(Data records)
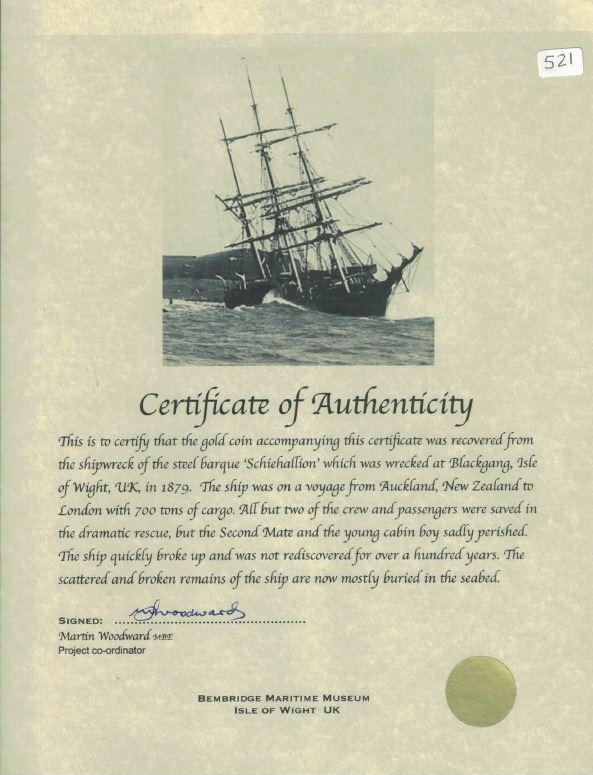 Sydney, Australia (under Great Britain), gold half sovereign, Victoria (young bust), 1861. KM-3. 3.97 grams. XF with light colorful toning on reverse, tiny marks from immersion, rare type. With certificate from the salvager. Recovered from: Schiehallion, sunk in 1879 off the Isle of Wight, south of England
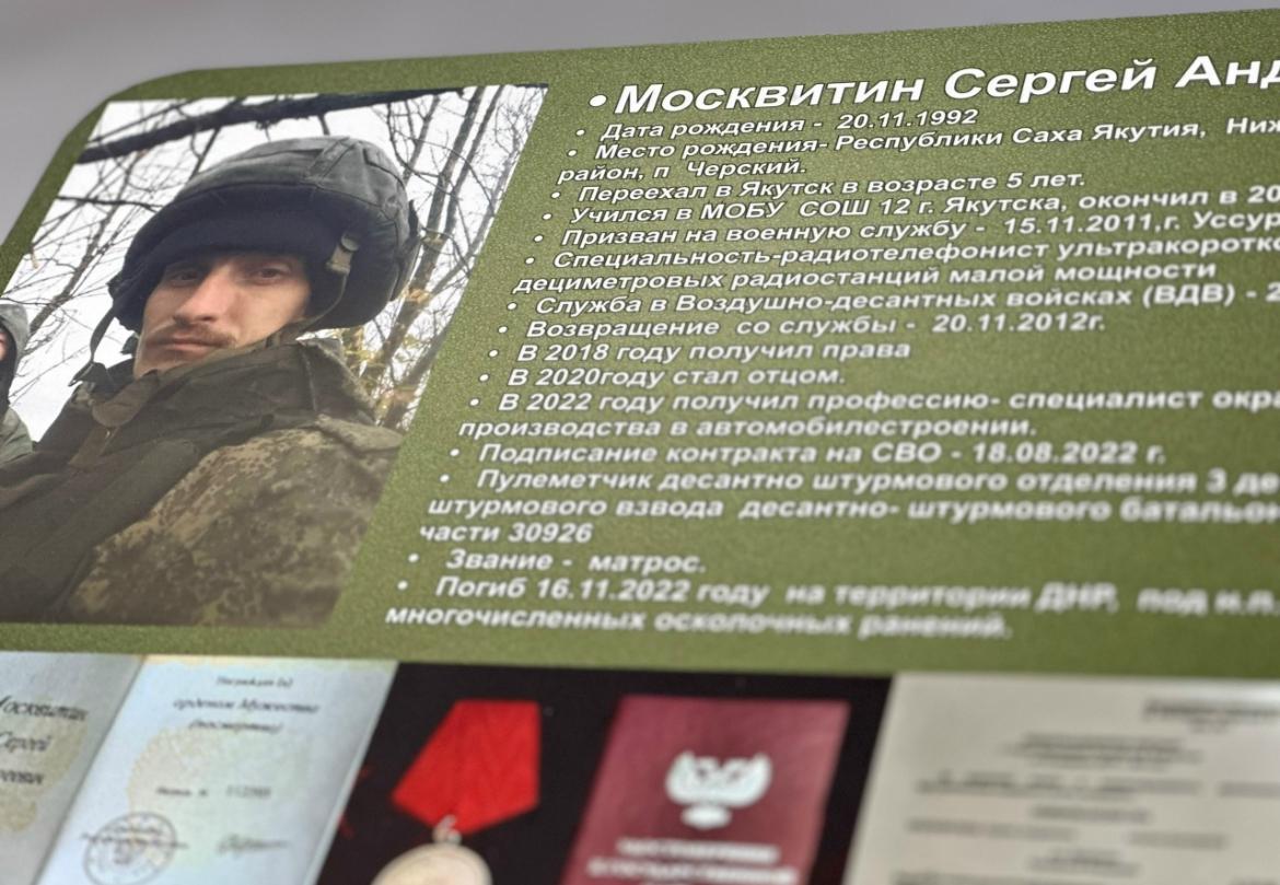 Сергей окончил нашу школу много лет назад, но до сих пор остаётся гордостью нашего учебного заведения. При исполнении воинской службы погиб 16 ноября 2022 года на территории Донецкой народной республики, под населенным пунктом Павловка от многочисленных осколочных ранений. Указом Президента РФ от 22 февраля 2023 года под номером 115 за мужество, отвагу и самоотверженность, проявленные при исполнении воинского долга, Сергей Москвитин награжден Орденом Мужества (посмертно).
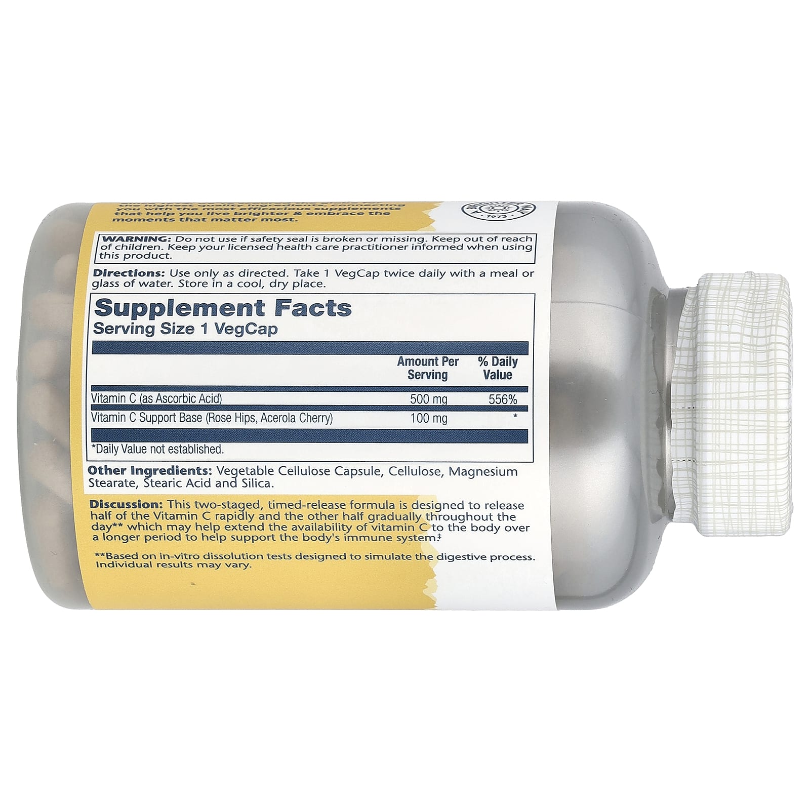 Solaray Vitamina C de Liberação Programada com Rosa-mosqueta e Acerola 500 mg 250 VegCaps – Solaray Suplementos Vitaminas Vitamina C Ácido ascórbico Saúde Gripe e Resfriado.
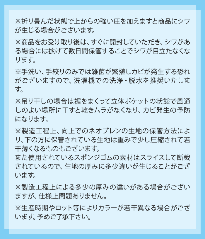 ・製造工程上、工場でのネオプレンの生地の保管方法により、下の方に保管されている生地は重みで少し圧縮されて若干薄くなるものもございます。
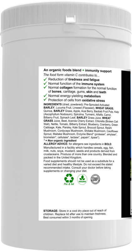 Pre-Sprouted Activated BARLEY, Lucuma Fruit, Linseed (Flaxseed), WHEAT GRASS, Quinoa, BARLEY Grass, Apple, Acai Berry, Baobab Fruit Pulp, Kelp (Ascophyllum Nodosum), Spirulina, Turmeric, Alfalfa, Carrot, Bilberry Fruit, Spinach Leaf, BARLEY Grass Juice, WHEAT GRASS Juice, Beet, Acerola Cherry Extract, Chlorella (Broken Cell Wall), Nettle, Tomato, Bilberry Extract, Blueberry, Cranberry, Green Cabbage, Kale, Parsley, Kale Sprout, Broccoli Sprout, Reishi Mushroom, Cordyceps Mushroom, Shiitake Mushroom, Cauliflower Sprout, Maitake Mushroom, Enzyme Blend* (protease*, amylase*, bromelain*, cellulase*, lactase*, papain*, lipase*).
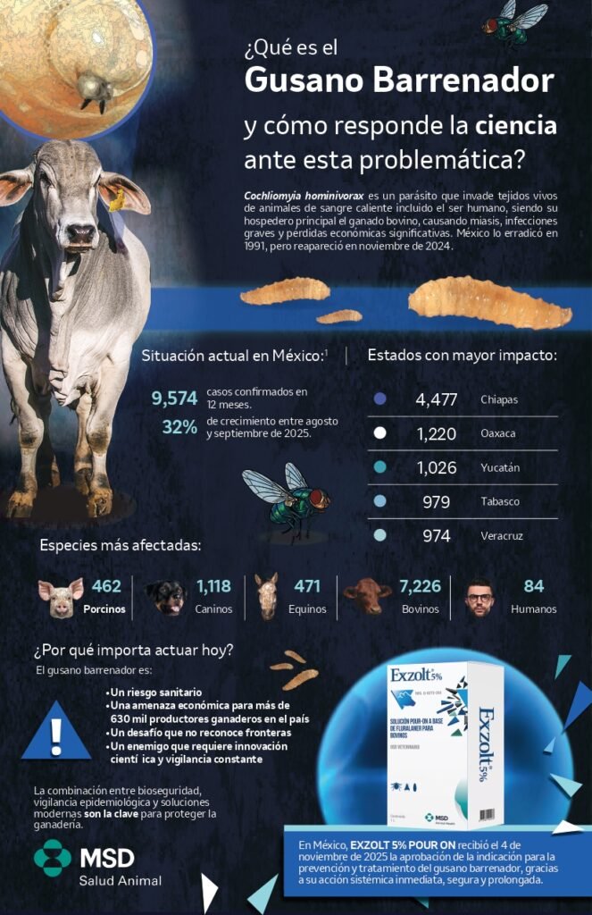 Desde la reaparición del gusano barrenador en México en noviembre de 2024, autoridades y productores han reforzado las medidas de bioseguridad para evitar pérdidas económicas y garantizar el bienestar animal. En este contexto, EXZOLT® 5% POUR ON se convierte en la última innovación en México, con respaldo de pruebas en campo, para la prevención de infestaciones por este parásito, demostrando una eficacia del 100% en 48 horas.
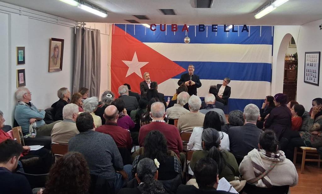 Geneva, Switzerland, 24 February 2025. — In a fraternal and deeply emotional atmosphere, the Minister of Foreign Affairs, Bruno Rodríguez Parrilla, held a meeting with Cubans residing in Switzerland and representatives of the solidarity movement with the Island.
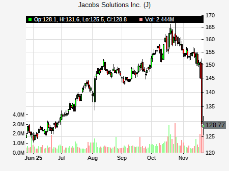 from Robert W. Baird issued a price target of $146.00 for J on 2025-11-21 09:54:50. The adjusted price target was set to $146.00. At the time of the announcement, J was trading at $129.17. The overall price target consensus is at $162.80 with high price of $170.00, low price of $160.00, and median price is at $161.00. J currently trades -23.31% versus its 52 week high of $168.44, and 107.64% compared to its 52 week low price of $107.64. Current 50 day moving average is $153.17, and the 200 day moving average is $135.61.
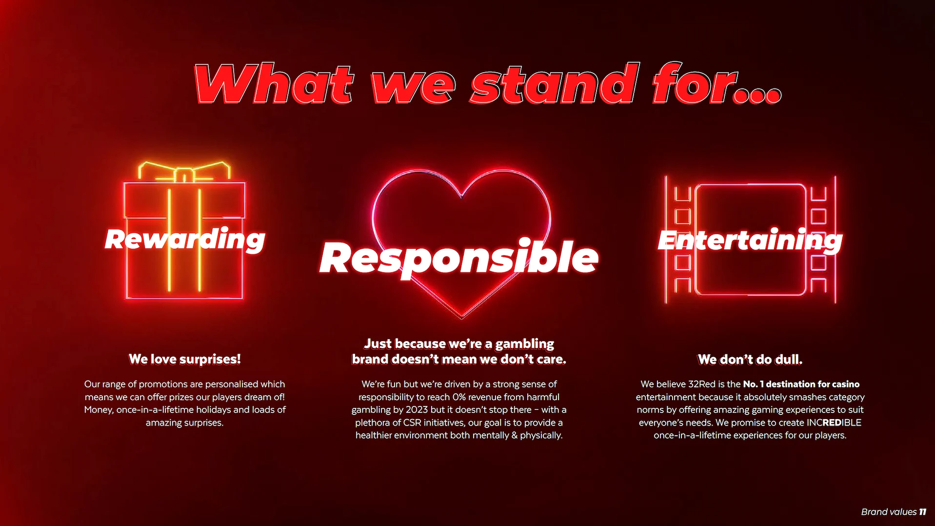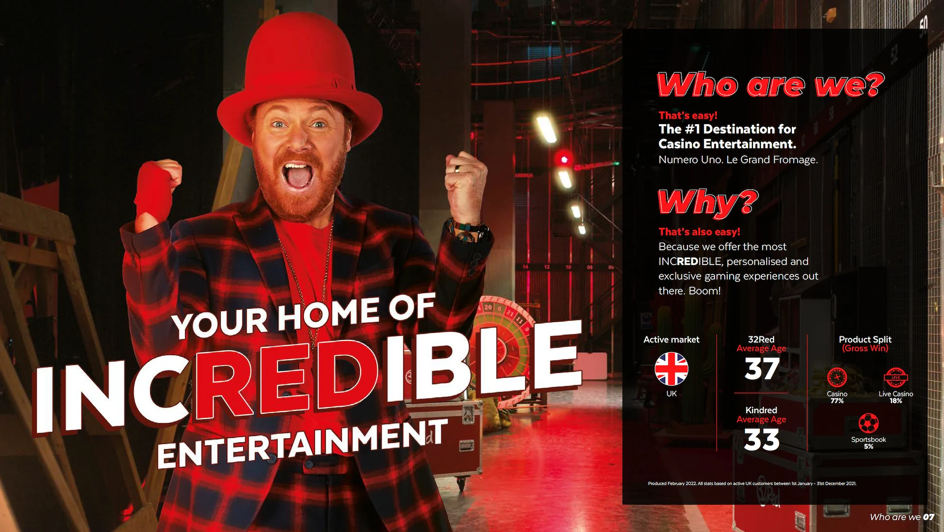 New brand positioning: Repositioned 32Red as “The Home of Entertainment”, shifting perception from ‘just another casino brand’ to ‘an entertainment brand with a great casino experience.’
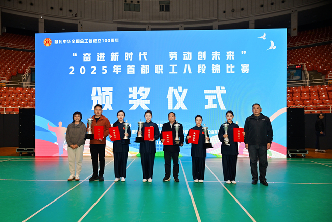 10月18日,北京市总工会联合市体育局在北京工人体育馆举办“奋进新时代 劳动创未来”2025年首都职工八段锦比赛。北京市教育工会常务副主席黄秀芳和文体工作部部长徐畅参加开幕式。雷竞技官网(rayban)工会代表北京市教育工会参加比赛并获得二等奖。
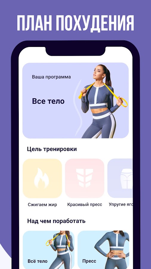 Вы легко сможете следить за своим прогрессом похудения и количеством сожжённых калорий.Выполняя план тренировок вы не только сможете убрать лишний вес, но и улучшить физическую форму, совместить приятное с полезным. Мы собрали различные виды упражнений, которые максимально помогут вам сбросить вес (упражнения на пресс, упражнения на ягодицы, на талию и т.д.).

*What is being asked*
A verbatim copy of every record is required, with all pictures excluded.

*Task result*
 Sydney, Australia (under Great Britain), gold half sovereign, Victoria (young bust), 1861. KM-3. 3.97 grams. XF with light colorful toning on reverse, tiny marks from immersion, rare type. With certificate from the salvager. Recovered from: Schiehallion, sunk in 1879 off the Isle of Wight, south of England
 Сергей окончил нашу школу много лет назад, но до сих пор остаётся гордостью нашего учебного заведения. При исполнении воинской службы погиб 16 ноября 2022 года на территории Донецкой народной республики, под населенным пунктом Павловка от многочисленных осколочных ранений. Указом Президента РФ от 22 февраля 2023 года под номером 115 за мужество, отвагу и самоотверженность, проявленные при исполнении воинского долга, Сергей Москвитин награжден Орденом Мужества (посмертно).
 Solaray Vitamina C de Liberação Programada com Rosa-mosqueta e Acerola 500 mg 250 VegCaps – Solaray Suplementos Vitaminas Vitamina C Ácido ascórbico Saúde Gripe e Resfriado.
 ・製造工程上、工場でのネオプレンの生地の保管方法により、下の方に保管されている生地は重みで少し圧縮されて若干薄くなるものもございます。
 Pre-Sprouted Activated BARLEY, Lucuma Fruit, Linseed (Flaxseed), WHEAT GRASS, Quinoa, BARLEY Grass, Apple, Acai Berry, Baobab Fruit Pulp, Kelp (Ascophyllum Nodosum), Spirulina, Turmeric, Alfalfa, Carrot, Bilberry Fruit, Spinach Leaf, BARLEY Grass Juice, WHEAT GRASS Juice, Beet, Acerola Cherry Extract, Chlorella (Broken Cell Wall), Nettle, Tomato, Bilberry Extract, Blueberry, Cranberry, Green Cabbage, Kale, Parsley, Kale Sprout, Broccoli Sprout, Reishi Mushroom, Cordyceps Mushroom, Shiitake Mushroom, Cauliflower Sprout, Maitake Mushroom, Enzyme Blend* (protease*, amylase*, bromelain*, cellulase*, lactase*, papain*, lipase*).
 Desde la reaparición del gusano barrenador en México en noviembre de 2024, autoridades y productores han reforzado las medidas de bioseguridad para evitar pérdidas económicas y garantizar el bienestar animal. En este contexto, EXZOLT® 5% POUR ON se convierte en la última innovación en México, con respaldo de pruebas en campo, para la prevención de infestaciones por este parásito, demostrando una eficacia del 100% en 48 horas.
 Geneva, Switzerland, 24 February 2025. — In a fraternal and deeply emotional atmosphere, the Minister of Foreign Affairs, Bruno Rodríguez Parrilla, held a meeting with Cubans residing in Switzerland and representatives of the solidarity movement with the Island.
 from Robert W. Baird issued a price target of $146.00 for J on 2025-11-21 09:54:50. The adjusted price target was set to $146.00. At the time of the announcement, J was trading at $129.17. The overall price target consensus is at $162.80 with high price of $170.00, low price of $160.00, and median price is at $161.00. J currently trades -23.31% versus its 52 week high of $168.44, and 107.64% compared to its 52 week low price of $107.64. Current 50 day moving average is $153.17, and the 200 day moving average is $135.61.
 New brand positioning: Repositioned 32Red as “The Home of Entertainment”, shifting perception from ‘just another casino brand’ to ‘an entertainment brand with a great casino experience.’
 10月18日,北京市总工会联合市体育局在北京工人体育馆举办“奋进新时代 劳动创未来”2025年首都职工八段锦比赛。北京市教育工会常务副主席黄秀芳和文体工作部部长徐畅参加开幕式。雷竞技官网(rayban)工会代表北京市教育工会参加比赛并获得二等奖。
 Вы легко сможете следить за своим прогрессом похудения и количеством сожжённых калорий.Выполняя план тренировок вы не только сможете убрать лишний вес, но и улучшить физическую форму, совместить приятное с полезным. Мы собрали различные виды упражнений, которые максимально помогут вам сбросить вес (упражнения на пресс, упражнения на ягодицы, на талию и т.д.).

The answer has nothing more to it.